Return exactly, please, the line that contains "本文摘要:沪深交易所2022" and every line after it through the end of the material that follows, leaving pictures aside.

• COLLECTED DATA:
__________

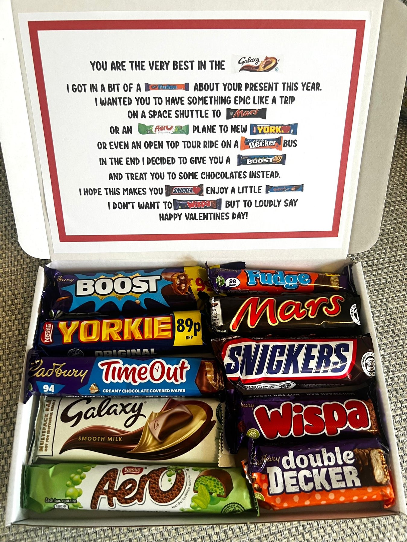 Looking for the perfect Valentine’s chocolate gift? This beautifully presented Valentine’s chocolate box is filled with a delicious selection of popular chocolate bars and finished with a sweet poem, making it a thoughtful and memorable Valentine’s Day present.
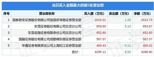本文摘要:沪深交易所2022年5月5日公布的交易公开信息显示,天瑞仪器(300165)因日涨幅达到15%的前5只证券登上龙虎榜。此次是近5个交易日内第1次上榜。截至2022年5月5日收盘,天瑞仪器(300165)报收于5.44元,上涨20.09%,涨… …
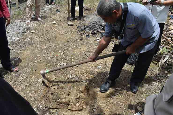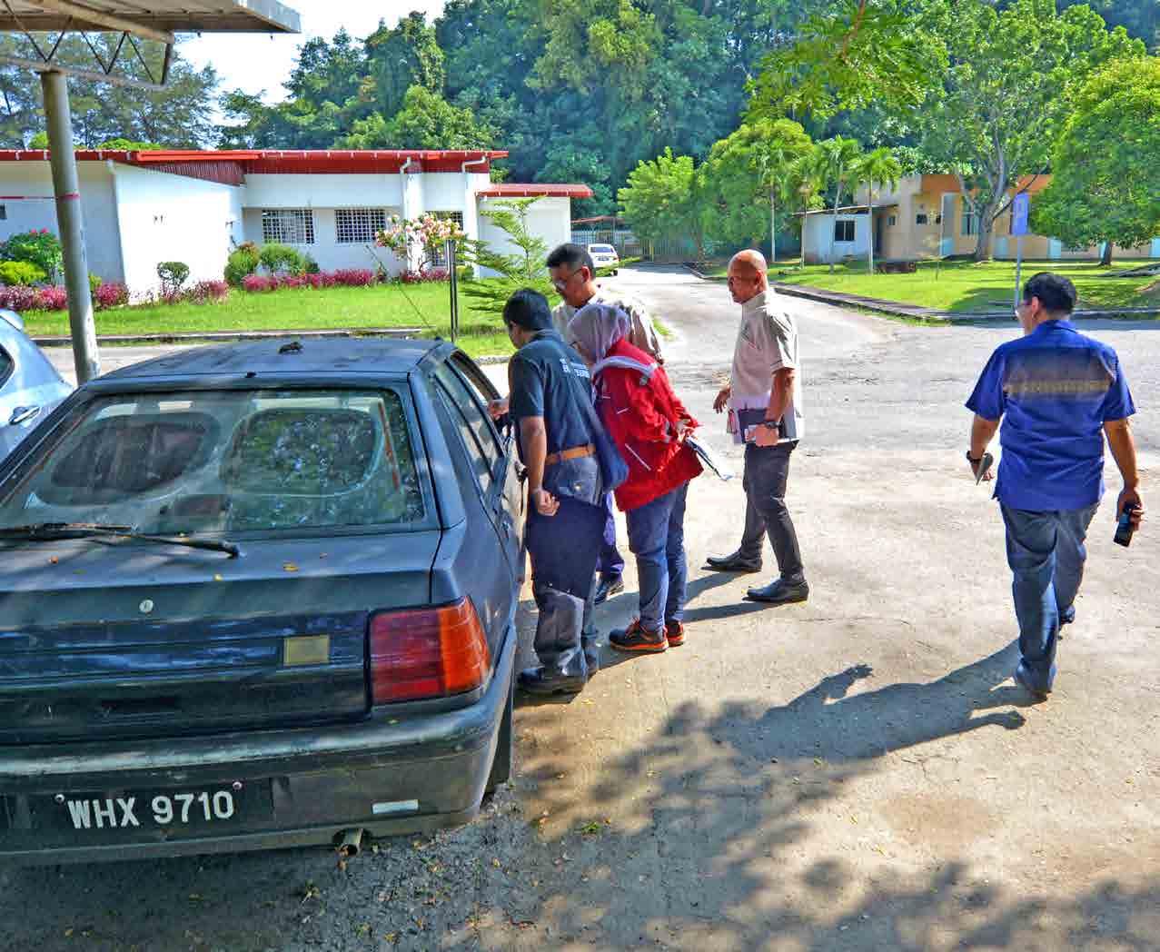Pegawai Penyelenggaraan Bahagian Tenaga & Fasiliti, Encik Mahat bin Abdul Rahman (kiri), Encik Midin (tengah), Puan Moneerah (berjaket merah) dan Encik Gerard (dua dari kanan) memeriksa kenderaan terbiar yang diletakkan bukan di kawasan parkir.
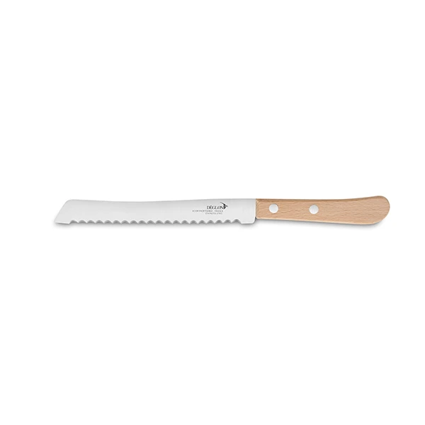 Issu d’une gamme de couteaux développée par la coutellerie Déglon, basée à Thiers, ce couteau possède une lame rigide d’une belle longueur de 19 cm en acier inoxydable. Son manche ergonomique fabriqué en bois de hêtre issu de forêts françaises, travaillé en circuits courts, assure une excellente prise en main.

__________

• RESULT OF THIS TASK:
本文摘要:沪深交易所2022年5月5日公布的交易公开信息显示,天瑞仪器(300165)因日涨幅达到15%的前5只证券登上龙虎榜。此次是近5个交易日内第1次上榜。截至2022年5月5日收盘,天瑞仪器(300165)报收于5.44元,上涨20.09%,涨… …
Pegawai Penyelenggaraan Bahagian Tenaga & Fasiliti, Encik Mahat bin Abdul Rahman (kiri), Encik Midin (tengah), Puan Moneerah (berjaket merah) dan Encik Gerard (dua dari kanan) memeriksa kenderaan terbiar yang diletakkan bukan di kawasan parkir.
 Issu d’une gamme de couteaux développée par la coutellerie Déglon, basée à Thiers, ce couteau possède une lame rigide d’une belle longueur de 19 cm en acier inoxydable. Son manche ergonomique fabriqué en bois de hêtre issu de forêts françaises, travaillé en circuits courts, assure une excellente prise en main.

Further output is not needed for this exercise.